**Directions for this task**
Repeat only the lines below from the one that contains "sa nachádza samostatná" through the final line, exactly. Omit pictures.

**Task data**
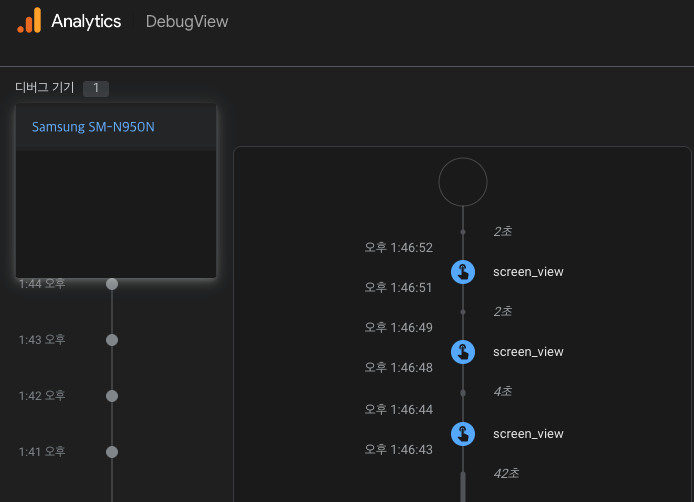 Firebase Console 특성상 analytics 대시보드에 실시간으로 현황이 업데이트 되지 않을 수도 있는데, analytics의 기능이 제대로 실행되고 있는지 디버그뷰를 활용하면 추적할 수 있다
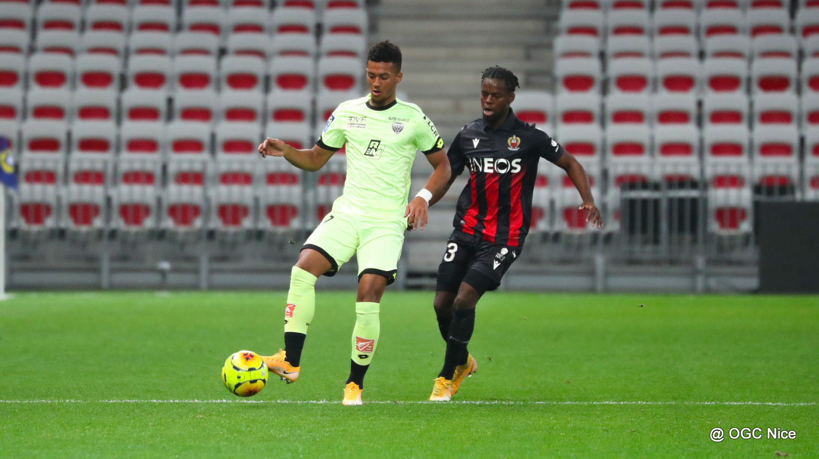 A Nice, stade Allianz Riviera, le DFCO bat l’OGC Nice (3-1).
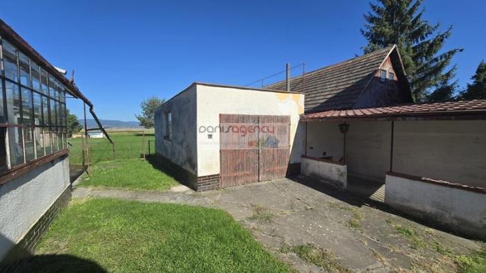 sa nachádza samostatná garáž z tehly a klenbovej pivnice. Pozemok je využívaný prevažne ako trávnaté plochy a
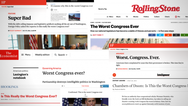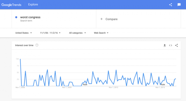 The phrases “worst Congress” and “worst Congress ever” bring up tens of thousands of results on search engines, and Google trends shows the phrase obtaining spikes in user searches whenever the media has promoted stories of that nature.
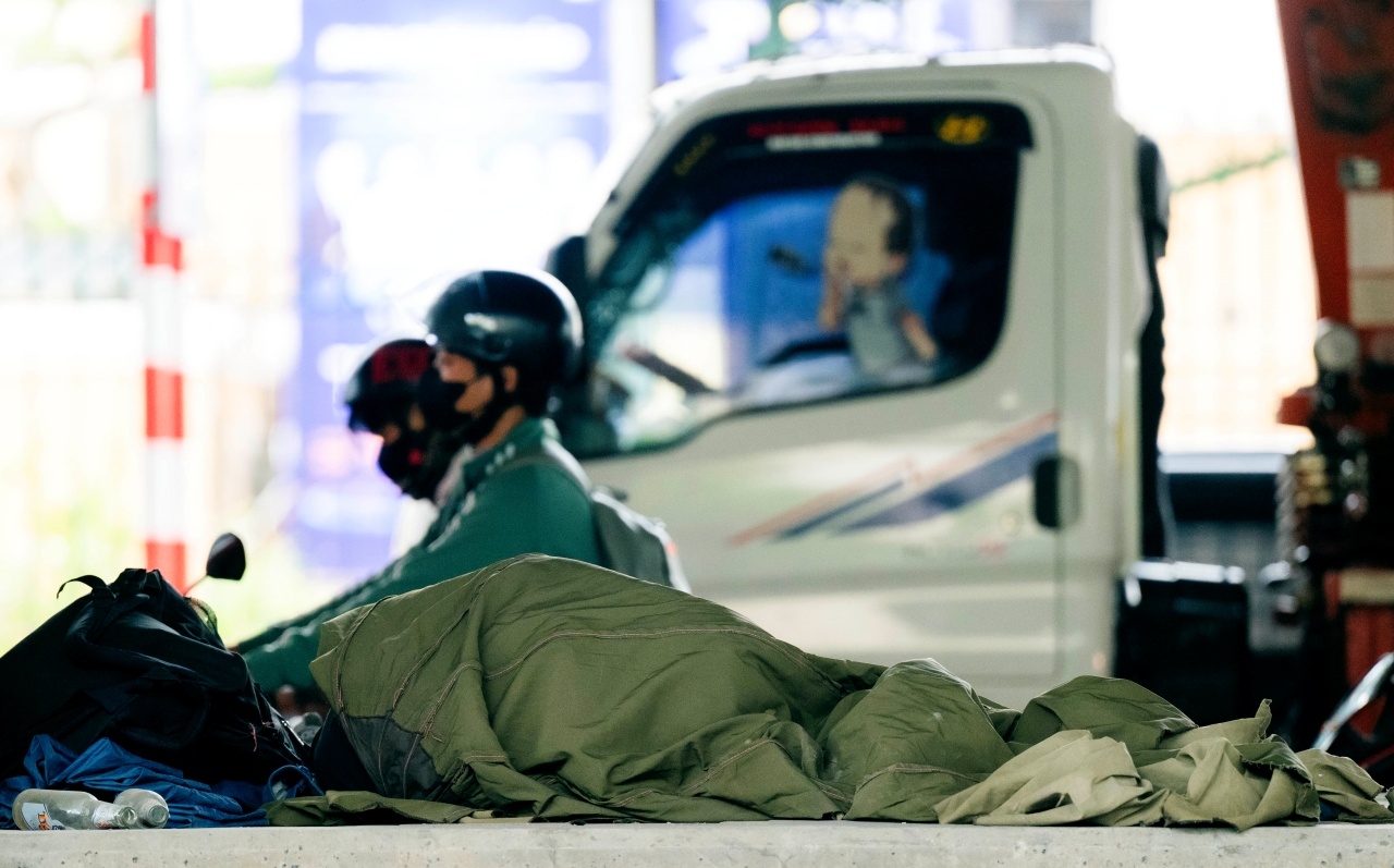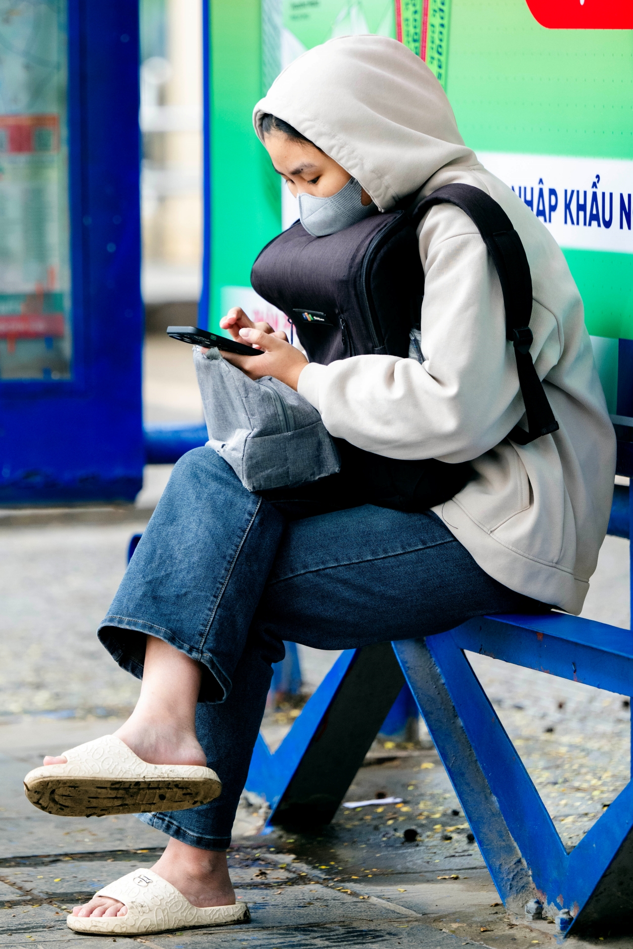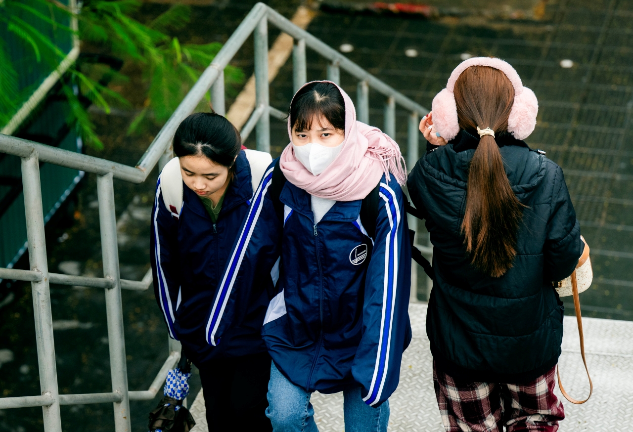 Sinh viên ngồi chờ xe buýt, co ro ôm balo giữa làn gió lạnh đầu mùa
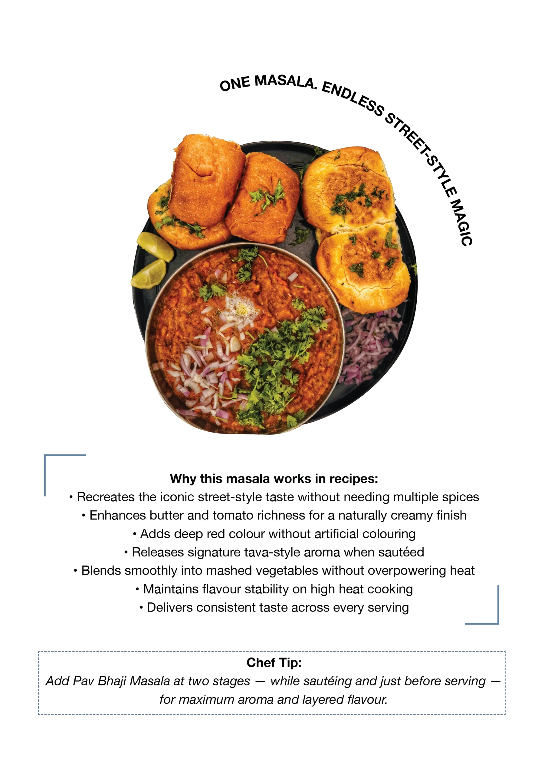 Perfect for pav bhaji, tawa mixes, vegetable gravies and street-style sautéed dishes.
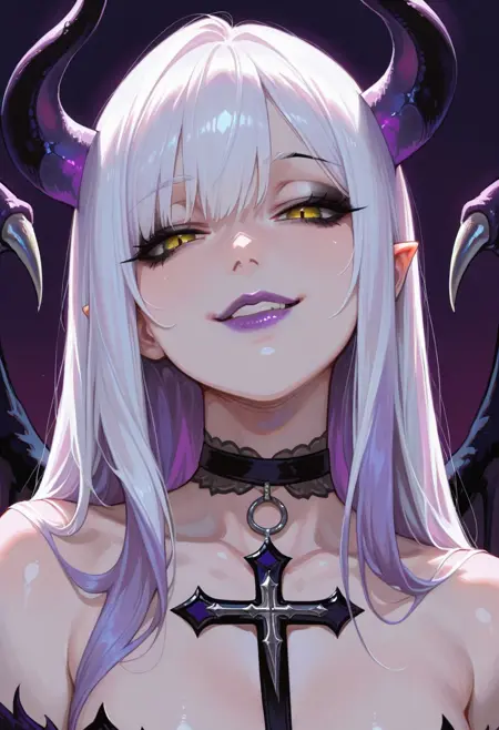 1girl, Morgana-IL, succubus, long hair, white hair, purple hair, yellow eyes, purple lipstick, black cross choker, large wings, sexy body

**Answer space**
 sa nachádza samostatná garáž z tehly a klenbovej pivnice. Pozemok je využívaný prevažne ako trávnaté plochy a
 The phrases “worst Congress” and “worst Congress ever” bring up tens of thousands of results on search engines, and Google trends shows the phrase obtaining spikes in user searches whenever the media has promoted stories of that nature.
 Sinh viên ngồi chờ xe buýt, co ro ôm balo giữa làn gió lạnh đầu mùa
 Perfect for pav bhaji, tawa mixes, vegetable gravies and street-style sautéed dishes.
 1girl, Morgana-IL, succubus, long hair, white hair, purple hair, yellow eyes, purple lipstick, black cross choker, large wings, sexy body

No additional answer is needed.